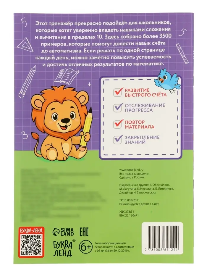 Тренажёр по математике "3500 примеров по математике. Счёт в пределах 10", 24 стр
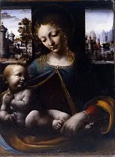 Леонардо да Винчи був «…готовий навіть співрацювати з власними учнями, правити своїм геніальним пензлем їх твори, аби дати їм майстерності вище і вишуканіше, ніж могли вони самі, ці люди люди його школи, Больтраффіо, де Предіс, д'Оджоне, да Сесто і т. ін., — порода талантів малих або посередніх. Він дарує ім трафарети власних композицій, начерки власних імпровізацій: таким було походження цілої низки „леонардесків“, сумнівних полотен, котрим колись наївная традиція (знавців) давала им'я самого майстера, а викривлений критицизм 19 століття (навпаки) відмовляв їм у всякому контакті з Леонардо».
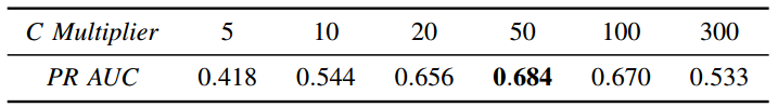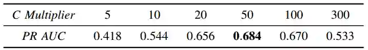 为了选择特征尺度的常数乘数,我们使用曲线下的精确回收面积(PR AUC)对其值进行交叉验证。 关于这一分数的更多细节将在第IV-A节中给出。 正如定性分析所预期的那样(图6),C = 50给出了最好的结果。
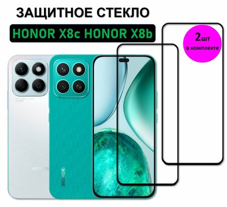 Надежная упаковка, стекло на экран на HONOR X8c / HONOR X8b ( Хонор Икс 8ц / Икс 8б ), сухая салфетка из микрофибры, влажная салфетка для обезжиривания и стикеры для удаления пыли
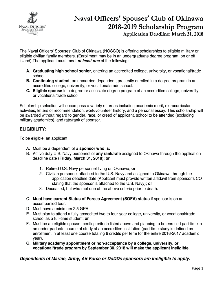 20182019 Scholarship ProgramApplication Deadline: March 31, 2018The Naval Officers Spouses Club of Okinawa (NO SCO) is offering scholarships to eligible military
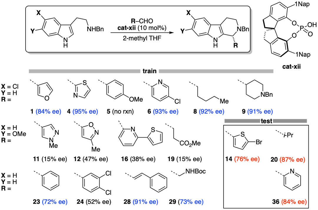 Reassuringly, this modified catalytic system generalizes to substrates that are outside the training set of 14 molecules. When we evaluated a test set of three substrates, we found that each substrate exceeded 70% ee. The fact that xii is exceptionally general was not detected by routine single substrate screening, and illustrates the potential of multi-substrate screening. Our method uses existing equipment and can immediately be used for the discovery of catalytic, asymmetric reactions with broad substrate scope.
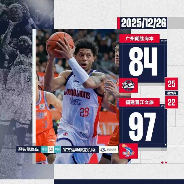 2025-26赛季CBA常规赛第六轮客场负于福建广州朗肽海本84:97福建晋江文旅
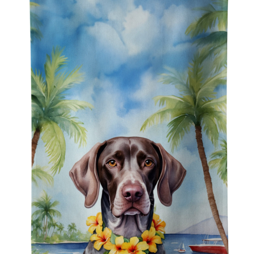 Kitchen Towel featuring breed specific German Shorthaired Pointer artwork. Experience the perfect blend of aesthetic appeal and functional excellence with our Plush Velour Kitchen Towels. These are not your ordinary decorative kitchen towels that gather dust. Instead, they are designed to be as practical as they are stylish. The front layer of our towel is constructed from a minky plush polyester, known for its durability and color retention. Unlike conventional kitchen towels, the artwork on our towels is dyed directly into the fabric, ensuring vibrant colors that last. Polish your glassware to a brilliant sparkle using the plush front side of the towel. Flip to the back, crafted from 100% cotton terry loop, to exploit its exceptional absorbency for drying dishes or wiping down counters. Our kitchen towels redefine the concept of functional art, offering lasting quality that maintains the towel’s shape over time. Measuring 15 inches by 25 inches and weighing 2.3 lbs per dozen, these towels deliver an overwhelming sensory experience with their soft, plush, and smooth texture. The edges are meticulously finished with binding, enhancing their durability and visual appeal. For your convenience, these towels are machine washable and can be dried on low heat. After the first wash, the top fabric becomes even softer and fluffier, eliminating the need for ironing. Treat your kitchen to the luxury and functionality it deserves with our plush velour kitchen towels.
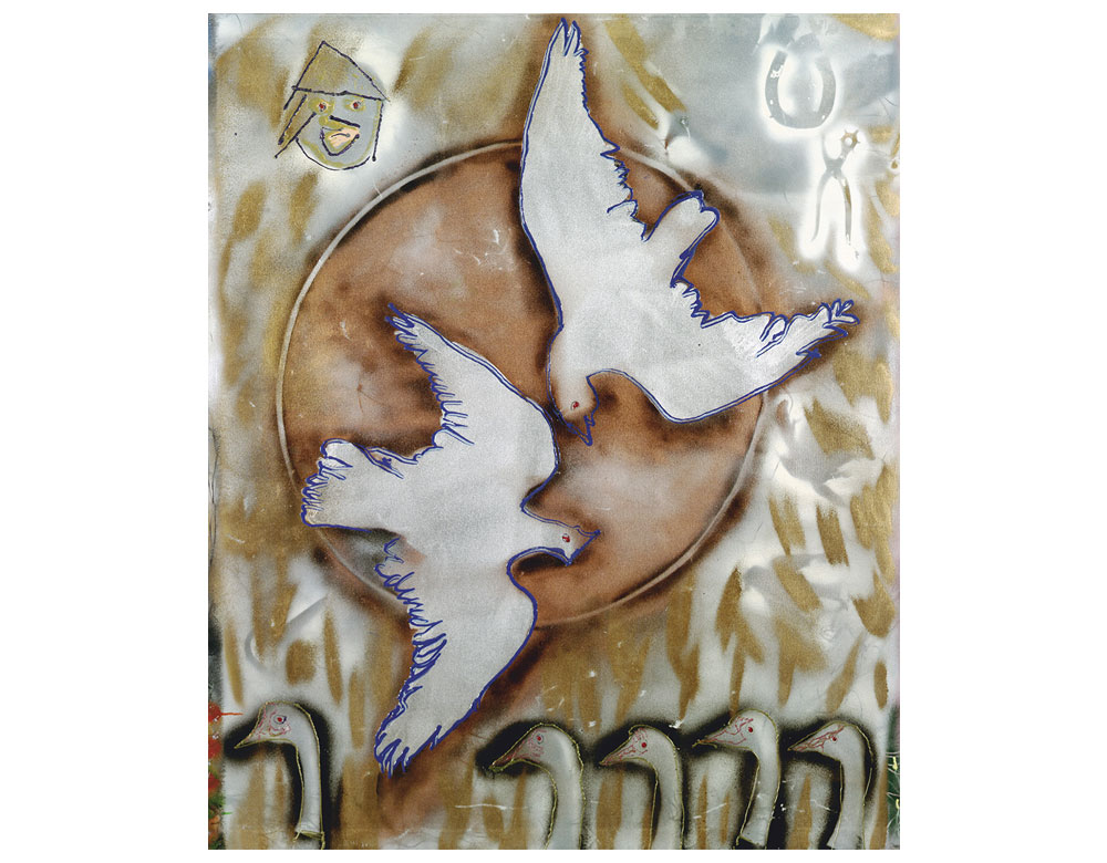 Panel 29 of L’Hommage à Rosa Luxemburg, 1992, acrylic and spray paint on canvas. Triptych, 1.55 m in height x 40.39 m in length.

________

Task goal: In the records above, find the line with "正如定性分析所预期的那样(图6),C = 50给出了最好的结果。" and the line with "Надежная упаковка, стекло". Write out exactly those lines and every one between, with no pictures and no other lines.

Answer to the exercise:
 为了选择特征尺度的常数乘数,我们使用曲线下的精确回收面积(PR AUC)对其值进行交叉验证。 关于这一分数的更多细节将在第IV-A节中给出。 正如定性分析所预期的那样(图6),C = 50给出了最好的结果。
 Надежная упаковка, стекло на экран на HONOR X8c / HONOR X8b ( Хонор Икс 8ц / Икс 8б ), сухая салфетка из микрофибры, влажная салфетка для обезжиривания и стикеры для удаления пыли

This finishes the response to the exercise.